Look at the birds of the air; they do not sow or reap or store away in barns, and yet your heavenly Father feeds them. Are you not much more valuable than they? Can any one of you by worrying add a single hour to your life? And why do you worry about clothes? See how the flowers of the field grow. They do not labor or spin. Yet I tell you that not even Solomon in all his splendor was dressed like one of these. ... Therefore do not worry about tomorrow, for tomorrow will worry about itself.
— Matthew 6: 25-34

Notice something there? Something vaguely Druidy?

Jesus is saying Look at nature. Nature has things to teach you about God and about yourself. The Earth has things to teach you about how to live. And one of the ways you should live is in the here and now. Don’t focus on the future. You’re alive right now.

One of my favorite poets—I’d be comfortable calling her a Bard in the Druid tradition, which is to say someone who‘s tapped into the divine creation force of Awen and is using it to put wisdom into the world—is Mary Oliver. She’s intensely nature-focused in her poetry, and a theme that permeates her poems is paying attention—that to engage fully with the world is to pay attention, and that one should be specifically and particularly attentive to nature. This is nowhere clearer than in her iconic poem “The Summer Day”:

I don’t know exactly what a prayer is.
I do know how to pay attention, how to fall down
into the grass, how to kneel down in the grass,
how to be idle and blessed, how to stroll through the fields,
which is what I have been doing all day.
Tell me, what else should I have done?
Doesn’t everything die at last, and too soon?
Tell me, what is it you plan to do
with your one wild and precious life?

The final bit is almost chiding. It’s making gentle mockery of the very idea of a plan. How is kneeling down in the grass a plan?

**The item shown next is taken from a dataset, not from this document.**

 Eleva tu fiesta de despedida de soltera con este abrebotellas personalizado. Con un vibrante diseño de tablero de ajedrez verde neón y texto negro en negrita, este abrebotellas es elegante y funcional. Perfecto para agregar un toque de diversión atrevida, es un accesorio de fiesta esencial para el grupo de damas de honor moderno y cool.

Planning something like that is foolishness. You simply do. You simply are. You live in the world.

We’re all supposed to be so “productive”, which is to say busy, which is to say constantly thinking about what’s next and what we have to do with that time so that we can focus on what comes after that. There can be kind of implicit testing in the question “What did you do today?” What work did you do? What did you produce? How did you justify yourself?

Well, I strolled through the fields. All day. What else should I have done? What did you do that’s so much better? What did you do that’s so much more worthwhile? How are you living in the world right now? Are you living in the right now at all?

Should you?

So what does this cold, dark time of waiting have to teach me?

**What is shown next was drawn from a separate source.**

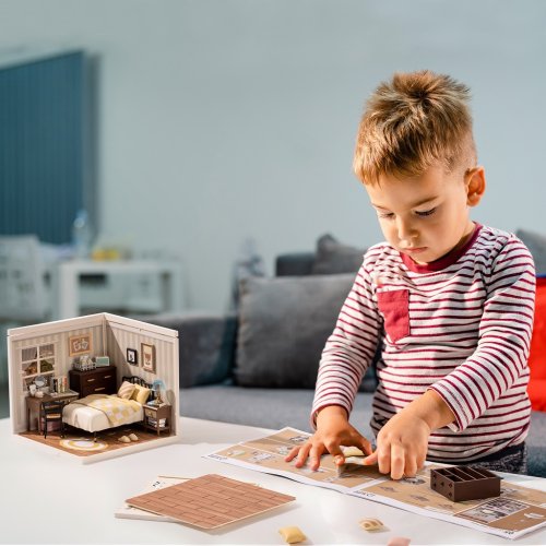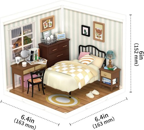Rolife Sweet Dream Bedroom Miniature House představuje klasické uspořádání typického každodenního spacího prostoru s uklidňujícími tóny přírodního dřeva a krémově žluté barvy. Tento design vytváří prostředí, které podporuje snadnou relaxaci a klidný spánek. Miniaturka ložnice obsahuje různé dekorativní předměty a barevné ilustrace, které zdobí teplou a elegantní ložnici. Spací zónu tvoří postel v iron stylu s odnímatelným povlečením, doplněná o noční stolek s praktickými zásuvkami. V šatní části je malý otočný zrcadlo o 360 stupňů a na straně vintage židle je prostorná úložná krabice, která poskytuje všestranný prostor pro úpravy. Nejvíce pohlcujícím prvkem v místnosti jsou otevřitelné zásuvky skříněk, které vám umožní organizovat drobné předměty a personalizovat tuto útulnou ložnici při sestavování.

The Wheel of the Year is always turning. In one sense it’s always looking forward, because it’s always moving forward, but in another sense it’s a perfect expression of immediate presence in the whole, every day in meaningful context with every other day, every day unique and worth all the focus you can muster and yet part of a much grander pattern. And the Wheel’s forward movement is a cycle, not a straight line. Sooner or later you always end up back at the same day—even if it’s not the same day.

Right now I wait for Christmas, and I wait for the Solstice. The word solstice comes from the Latin “sol” (sun) and “sistere”, which means to stand still.

In other words, the Solstice is the stillness of the sun.

Advent teaches me to wait. Waiting teaches me to pay attention. One can’t worry about the future and pay attention. So Advent teaches me not to worry but simply to be.

And the Solstice will teach me to be still.